#### Aim of the exercise
Give back exactly the line containing "Вот бы какую-нибудь" and all that follow it in the data below, with the pictures left out.

=-=-=

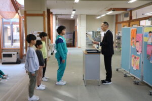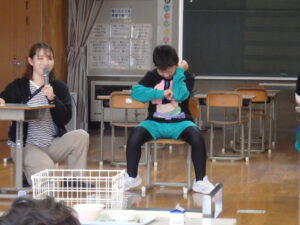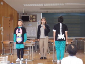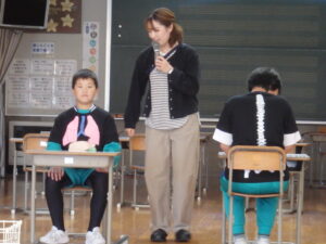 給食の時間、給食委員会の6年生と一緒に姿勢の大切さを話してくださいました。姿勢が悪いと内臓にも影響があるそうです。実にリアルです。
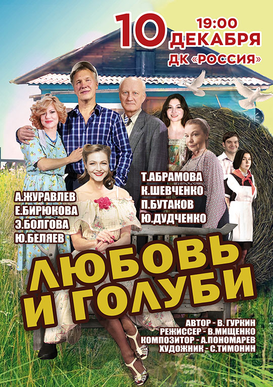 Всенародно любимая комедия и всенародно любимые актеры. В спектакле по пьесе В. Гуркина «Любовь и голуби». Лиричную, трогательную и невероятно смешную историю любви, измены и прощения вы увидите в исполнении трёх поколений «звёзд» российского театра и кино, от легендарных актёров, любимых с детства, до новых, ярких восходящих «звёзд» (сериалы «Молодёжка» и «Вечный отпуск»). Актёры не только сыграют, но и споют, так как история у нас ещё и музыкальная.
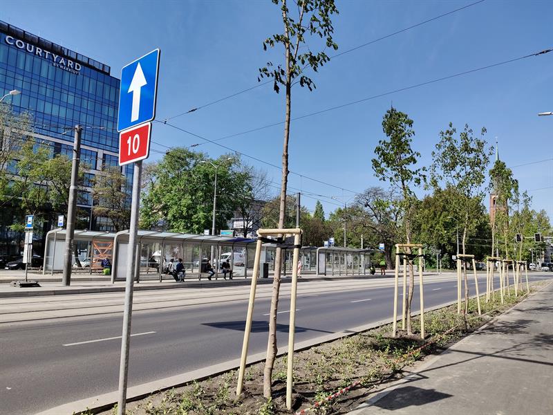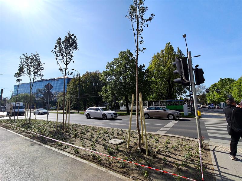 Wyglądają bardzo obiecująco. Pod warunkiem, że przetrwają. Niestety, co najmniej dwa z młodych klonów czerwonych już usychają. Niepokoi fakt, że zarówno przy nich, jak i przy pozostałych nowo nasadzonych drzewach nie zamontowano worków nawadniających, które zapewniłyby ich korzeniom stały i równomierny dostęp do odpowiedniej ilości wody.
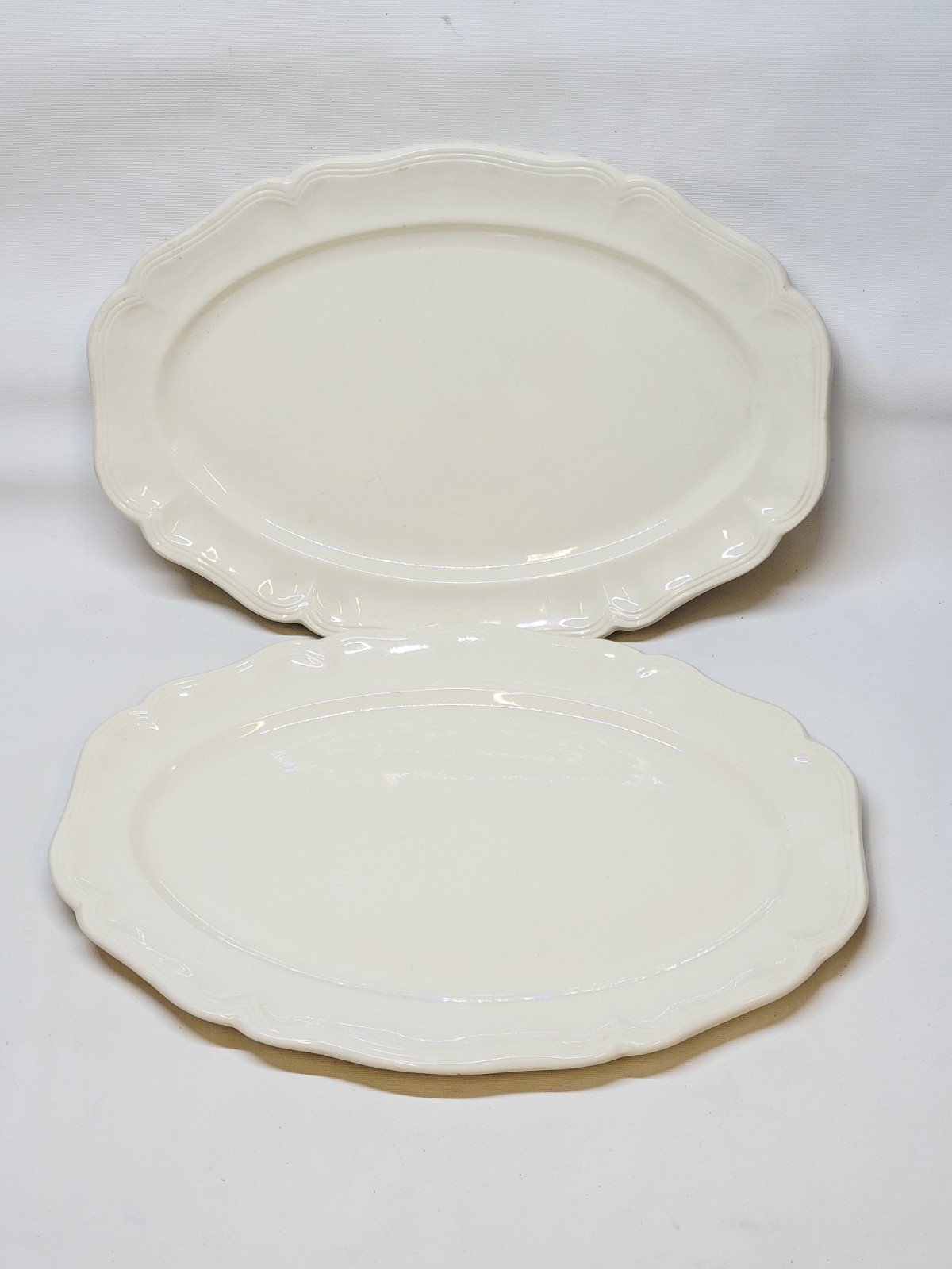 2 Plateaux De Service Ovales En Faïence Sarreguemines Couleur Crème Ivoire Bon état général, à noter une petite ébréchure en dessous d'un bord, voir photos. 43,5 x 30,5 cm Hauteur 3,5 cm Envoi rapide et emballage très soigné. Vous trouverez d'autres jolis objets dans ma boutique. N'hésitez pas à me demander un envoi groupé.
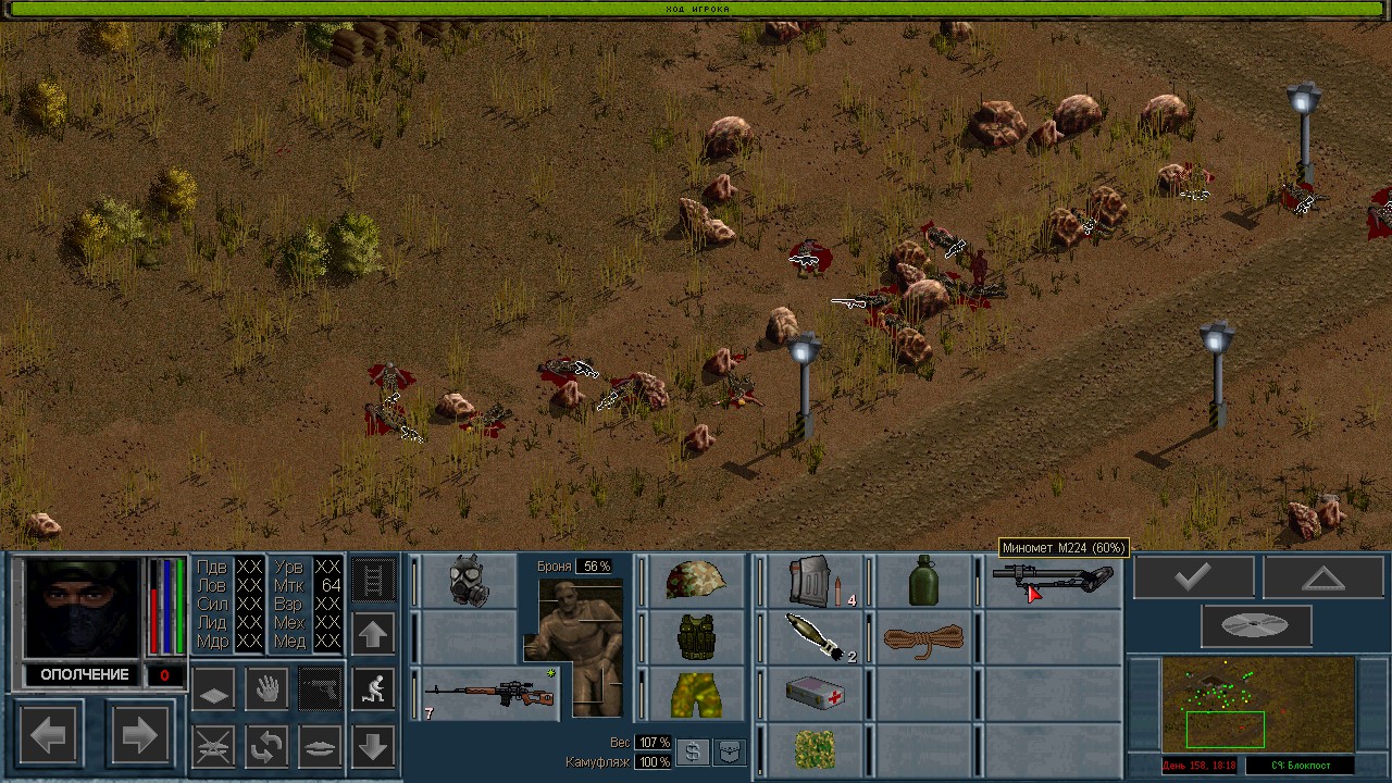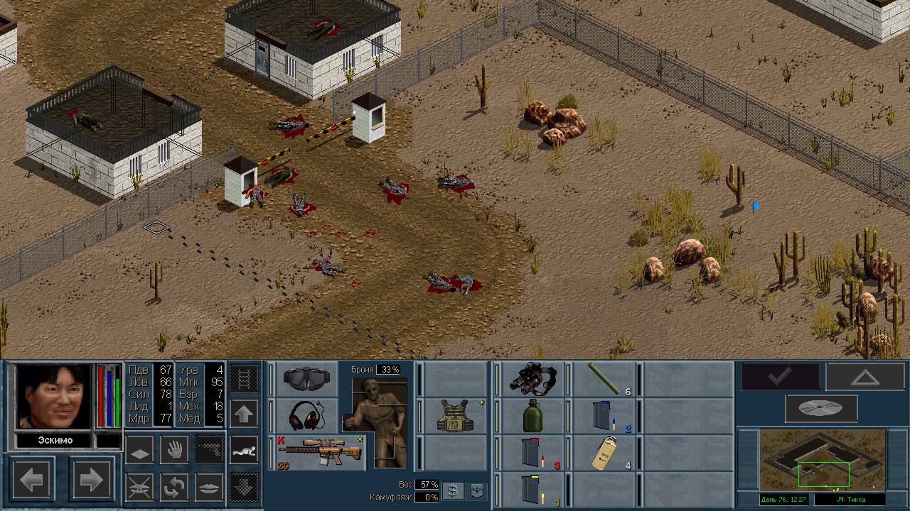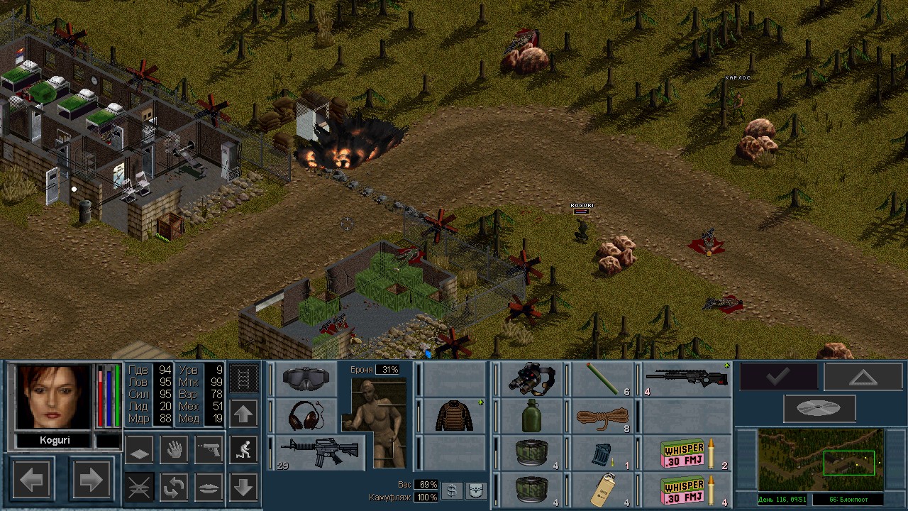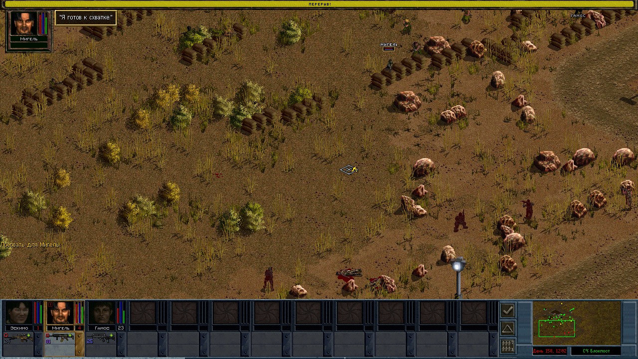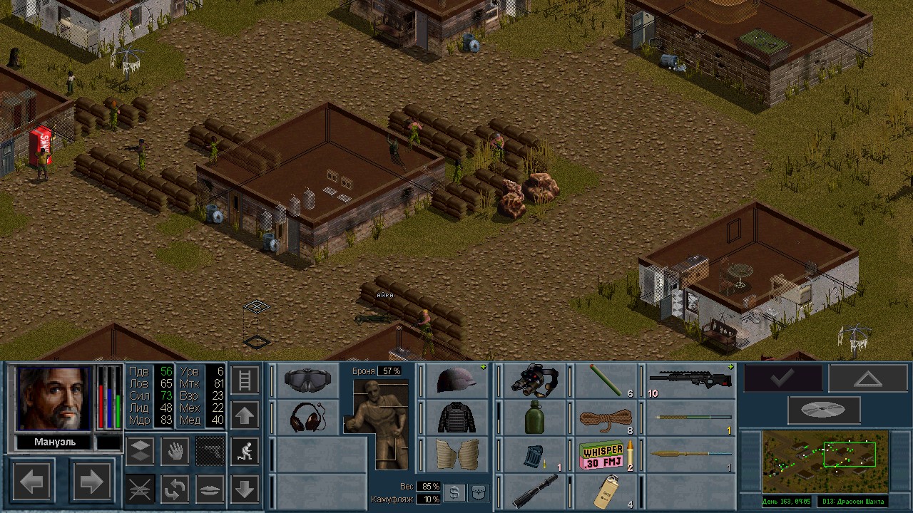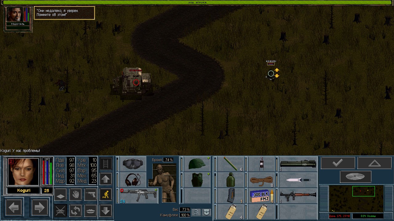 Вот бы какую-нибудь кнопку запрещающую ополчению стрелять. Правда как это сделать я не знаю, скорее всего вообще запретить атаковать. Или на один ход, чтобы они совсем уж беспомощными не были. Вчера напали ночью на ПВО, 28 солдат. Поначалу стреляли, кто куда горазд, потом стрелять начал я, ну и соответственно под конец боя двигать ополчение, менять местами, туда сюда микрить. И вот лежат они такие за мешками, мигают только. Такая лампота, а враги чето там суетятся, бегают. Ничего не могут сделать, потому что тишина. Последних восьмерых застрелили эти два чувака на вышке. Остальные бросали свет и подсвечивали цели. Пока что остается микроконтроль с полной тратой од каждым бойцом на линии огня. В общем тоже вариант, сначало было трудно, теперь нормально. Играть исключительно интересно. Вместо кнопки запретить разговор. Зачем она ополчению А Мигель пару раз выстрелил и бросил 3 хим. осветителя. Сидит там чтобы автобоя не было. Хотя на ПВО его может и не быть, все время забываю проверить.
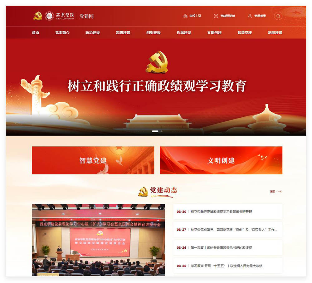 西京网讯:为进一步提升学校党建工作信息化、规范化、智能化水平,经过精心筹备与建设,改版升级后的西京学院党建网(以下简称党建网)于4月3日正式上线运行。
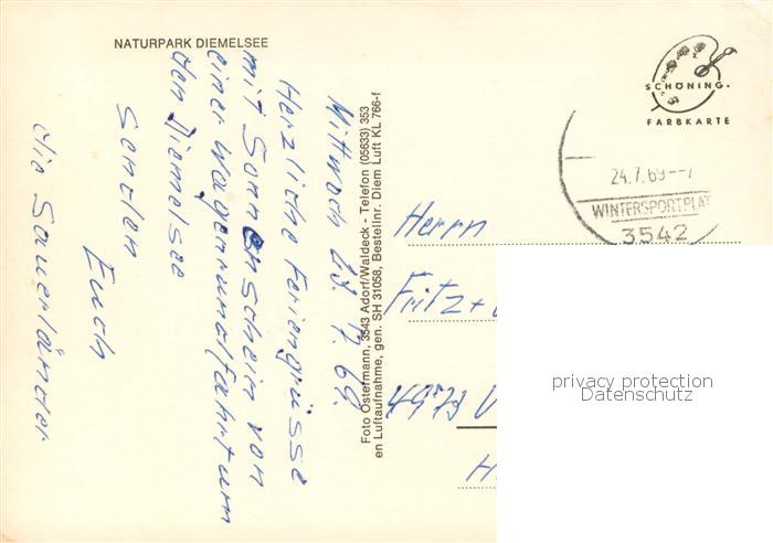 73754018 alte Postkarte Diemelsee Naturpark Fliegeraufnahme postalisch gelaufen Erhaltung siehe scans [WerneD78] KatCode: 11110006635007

=-=-=

#### Final answer
 Вот бы какую-нибудь кнопку запрещающую ополчению стрелять. Правда как это сделать я не знаю, скорее всего вообще запретить атаковать. Или на один ход, чтобы они совсем уж беспомощными не были. Вчера напали ночью на ПВО, 28 солдат. Поначалу стреляли, кто куда горазд, потом стрелять начал я, ну и соответственно под конец боя двигать ополчение, менять местами, туда сюда микрить. И вот лежат они такие за мешками, мигают только. Такая лампота, а враги чето там суетятся, бегают. Ничего не могут сделать, потому что тишина. Последних восьмерых застрелили эти два чувака на вышке. Остальные бросали свет и подсвечивали цели. Пока что остается микроконтроль с полной тратой од каждым бойцом на линии огня. В общем тоже вариант, сначало было трудно, теперь нормально. Играть исключительно интересно. Вместо кнопки запретить разговор. Зачем она ополчению А Мигель пару раз выстрелил и бросил 3 хим. осветителя. Сидит там чтобы автобоя не было. Хотя на ПВО его может и не быть, все время забываю проверить.
 西京网讯:为进一步提升学校党建工作信息化、规范化、智能化水平,经过精心筹备与建设,改版升级后的西京学院党建网(以下简称党建网)于4月3日正式上线运行。
 73754018 alte Postkarte Diemelsee Naturpark Fliegeraufnahme postalisch gelaufen Erhaltung siehe scans [WerneD78] KatCode: 11110006635007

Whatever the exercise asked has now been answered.